To evaluate the management and outcomes of patients with newly diagnosed non-valvular AF and ≥1 additional risk factor for stroke, by:
- Describing real-life treatment patterns
- Assessing rates of stroke and systemic embolism
- Assessing outcomes, with specific reference to the incidence of bleeding complications; therapy persistence (including discontinuation, interruption, and changes of regimen); and fluctuations in the international normalized ratio (INR) for patients on vitamin K antagonists
The GARFIELD-AF study design is a novel approach to observational research, providing an unprecedented insight into everyday clinical practice. Its unique features are:
i. Independent academic research initiative
Providing real-world evaluation of existing guidelines and identification of comprehensive value-based healthcare strategies
ii. 55,000 patients to be recruited at more than 1000 sites in 34 countries
Describing treatments and outcomes nationally and globally in the largest ever AF registry
iii. 5 independent, sequential prospective cohorts
Describing the evolution of practice over time
iv. Consecutive enrolment of newly-diagnosed patients regardless of therapy
Describing an unbiased patient population
v. Sites selected randomly within a carefully assigned distribution of national care settings
Describing a representative and diverse group of patients and distinctive populations
vi. Follow-up for 2 years after diagnosis
Describing treatment and outcomes in the long term
The GARFIELD-AF registry is an observational, multicentre, international prospective study of men and women newly diagnosed with AF and at least one additional investigator-determined risk factor for stroke. The registry will enrol 55,000 patients at more than 1000 centres in 34 countries, providing a representative description of the burden of atrial fibrillation in everyday clinical practice.

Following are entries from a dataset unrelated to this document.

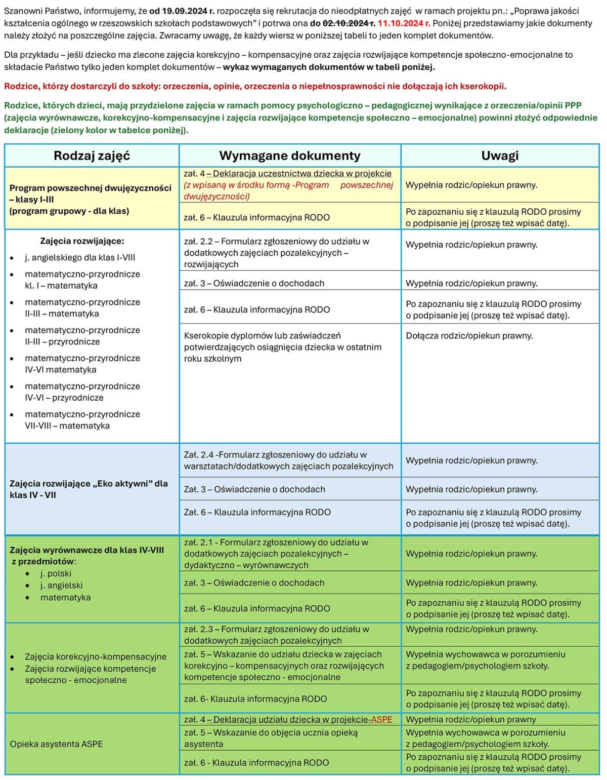 Dokumenty wymagane przy zgłaszaniu udziału dziecka w zajęciach projektowych
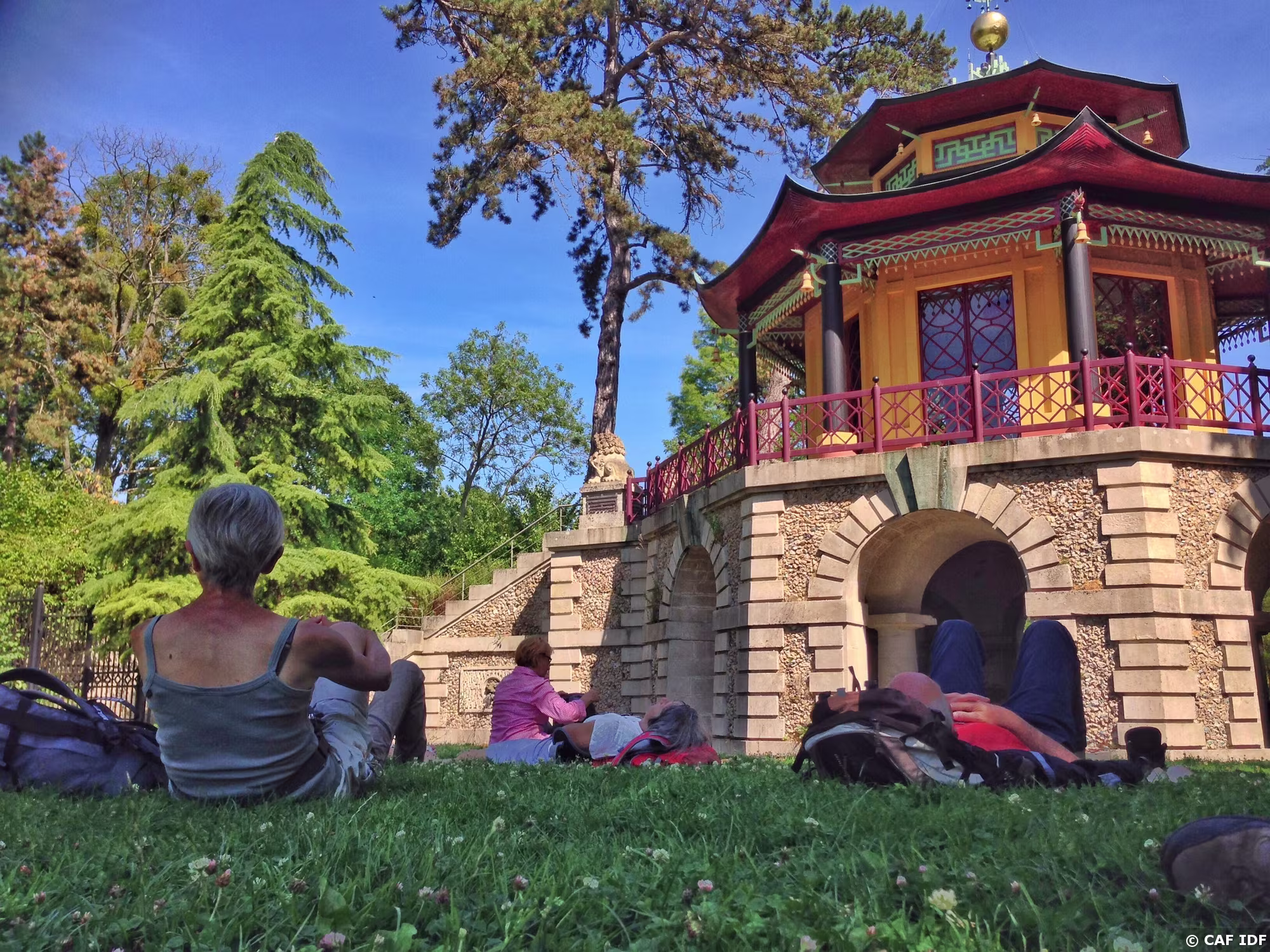 Un repos bien mérité devant le pavillon chinois
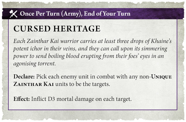 The rules article is short, though it packs in two very different play fantasies. First, Zainthar Kai is Morathi’s personal murder club, and it must be led by Morathi-Khaine and the Shadow Queen. Moreover, it pulls from the Scáthborn side of the range, including Melusai Ironscales, Blood Sisters, Blood Stalkers, Khinerai, Bloodwrack Medusae, and Bloodwrack Shrines.

Enrolment will take place in five independent, sequential, prospective cohorts, facilitating the description of an evolving field over time. A retrospective validation group of 5000 patients with established AF and at least one additional risk factor for stroke was conducted as part of the first cohort.

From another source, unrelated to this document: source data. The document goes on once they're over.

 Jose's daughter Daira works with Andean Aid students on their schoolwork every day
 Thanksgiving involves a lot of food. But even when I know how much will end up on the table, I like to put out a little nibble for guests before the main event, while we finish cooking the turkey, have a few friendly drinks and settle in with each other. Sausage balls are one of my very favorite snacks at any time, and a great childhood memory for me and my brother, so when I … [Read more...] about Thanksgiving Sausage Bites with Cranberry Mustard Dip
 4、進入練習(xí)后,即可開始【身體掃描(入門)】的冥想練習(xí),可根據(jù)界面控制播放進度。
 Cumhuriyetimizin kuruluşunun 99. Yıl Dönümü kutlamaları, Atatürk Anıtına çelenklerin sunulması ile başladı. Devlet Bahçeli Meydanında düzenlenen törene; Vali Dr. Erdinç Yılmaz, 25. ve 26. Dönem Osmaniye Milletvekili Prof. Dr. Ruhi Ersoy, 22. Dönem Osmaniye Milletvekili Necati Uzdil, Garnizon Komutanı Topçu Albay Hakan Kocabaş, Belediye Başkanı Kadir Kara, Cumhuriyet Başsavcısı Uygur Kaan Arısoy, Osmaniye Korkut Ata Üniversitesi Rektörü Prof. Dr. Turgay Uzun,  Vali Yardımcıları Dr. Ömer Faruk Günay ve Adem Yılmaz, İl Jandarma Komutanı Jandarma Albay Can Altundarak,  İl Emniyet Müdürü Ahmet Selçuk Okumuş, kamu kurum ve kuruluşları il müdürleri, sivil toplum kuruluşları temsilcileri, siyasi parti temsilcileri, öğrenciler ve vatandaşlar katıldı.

The first cohort was conducted at 543 active sites in 19 countries (Australia, Austria, Brazil, Canada, China, Denmark, Korea, Finland, France, Germany, Italy, Japan, Mexico, Norway, Poland, Spain, the Netherlands and UK). The second cohort (initiated in October 2011) extended to a further 11 countries (Argentina, Belgium, Chile, Czech Republic, Hungary, India, Russia, Singapore, South Africa, Thailand, Ukraine) and 952 active sites. In the third cohort, five countries (UAE, USA, Turkey, Switzerland and Egypt) and 949 active sites were added. Additional countries will continue to be added in future cohorts, with the registry eventually encompassing 34 countries. Each site will recruit, on a consecutive basis, up to 30 patients.

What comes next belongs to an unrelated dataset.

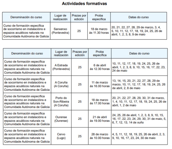 No Diario Oficial de Galicia (DOG) de hoxe, 19 de febreiro de 2026, sae publicada a RESOLUCIÓN do 11 de febreiro de 2026 pola que se convocan seis edicións do curso formación específica de socorrismo en instalacións e espazos acuáticos naturais destinado ás persoas interesadas no desenvolvemento do exercicio profesional de socorrismo na Comunidade Autónoma de Galicia
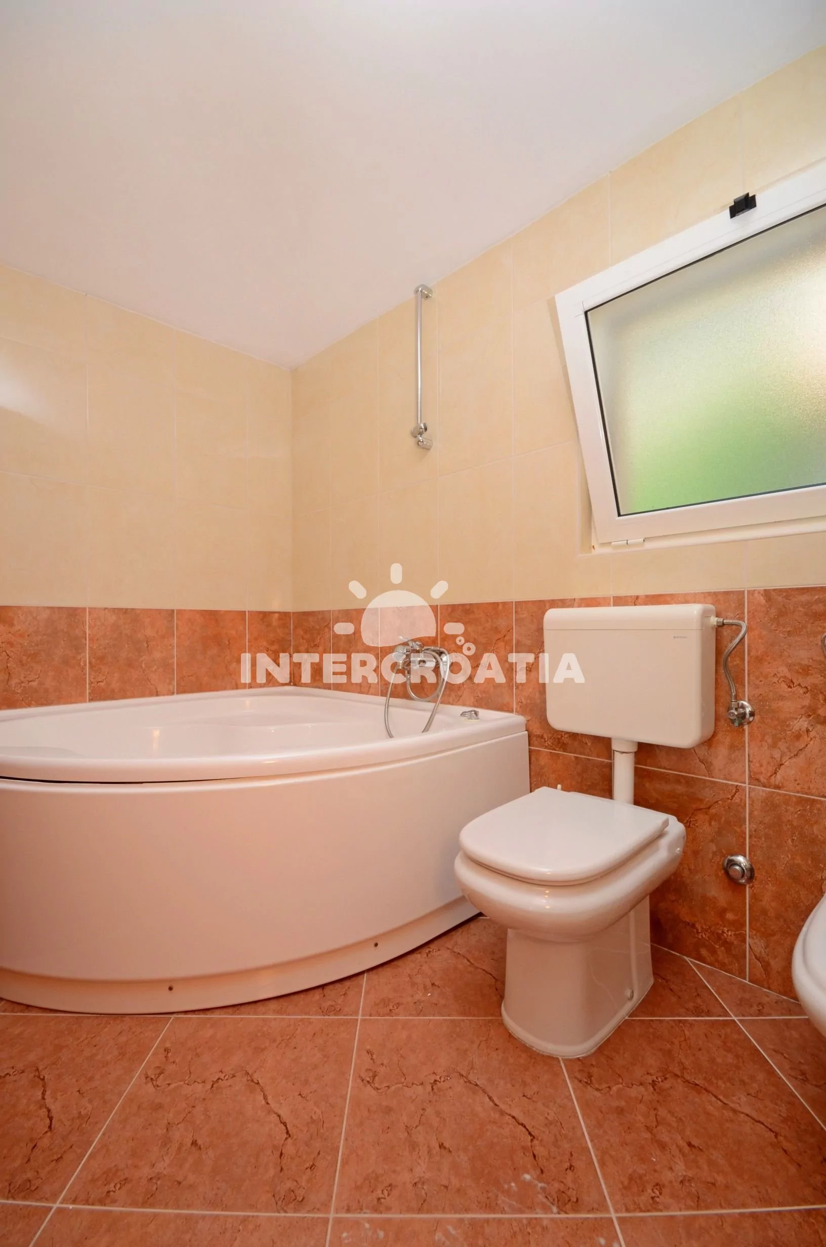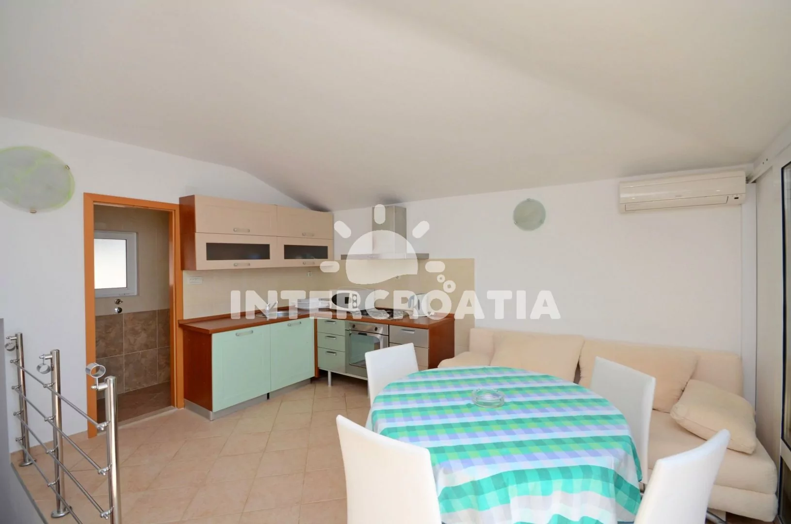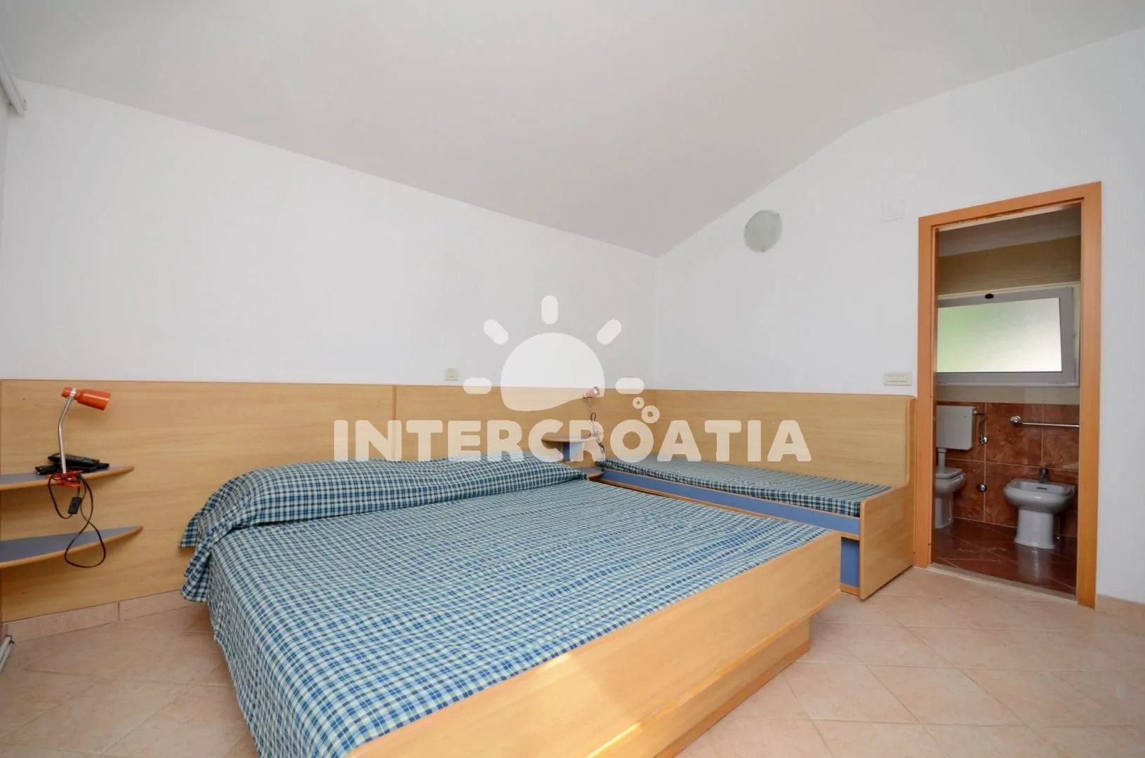 Apartmán (50 m2) s balkonem se nachází ve druhém patře domu. Apartmán má jednu ložnici a je vhodný maximálně pro 5 osob. Kuchyně s jídelním stolem, lednicí s mrazákem, plynovým sporákem s troubou, mikrovlnnou troubou, rychlovarnou konvicí, nádobím, TV se satelitním příjmem, klimatizací, pohovkou (rozložitelnou na extra dvojlůžko) a vstupem na balkon. Ložnice (15 m2) s dvoulůžkem, jednolůžkem, vstupem na balkon a koupelnou s vanou, bidetem, umyvadlem a toaletou. Druhá koupelna se sprchou a wc. Hostům je k dispozici parkování u objektu zdarma.

The registry started in December 2009, with a planned 7 years of patient recruitment and a minimum of 2 years and up to 8 years of follow-up for each patient.
Baseline data and main outcome measures
At baseline, data will be collected on patient demographics, medical history, nature of AF, date and method of diagnosis, symptoms and treatment decisions.
Local investigators will complete electronic case report forms at 4-monthly intervals for each patient, for a minimum of 2 years and up to 8 years. Outcome data will include clinical and bleeding events, therapy persistence, healthcare resource use, and changes in treatment regimen.
GARFIELD-AF in perspective
Completion of patient enrolment into Cohort 1 – in October 2011 – coincided with regulatory approval in several countries of novel oral anticoagulant agents for stroke prevention in non-valvular AF. The GARFIELD-AF registry will be in a strong position to document and describe how far the introduction of novel anticoagulants influences patient management and impacts outcomes in this field. The unique study design, with comprehensive data collection in sequential cohorts, will provide representative, real-world insights into treatments for AF and associated clinical outcomes, for the benefit of patients, clinicians and healthcare providers.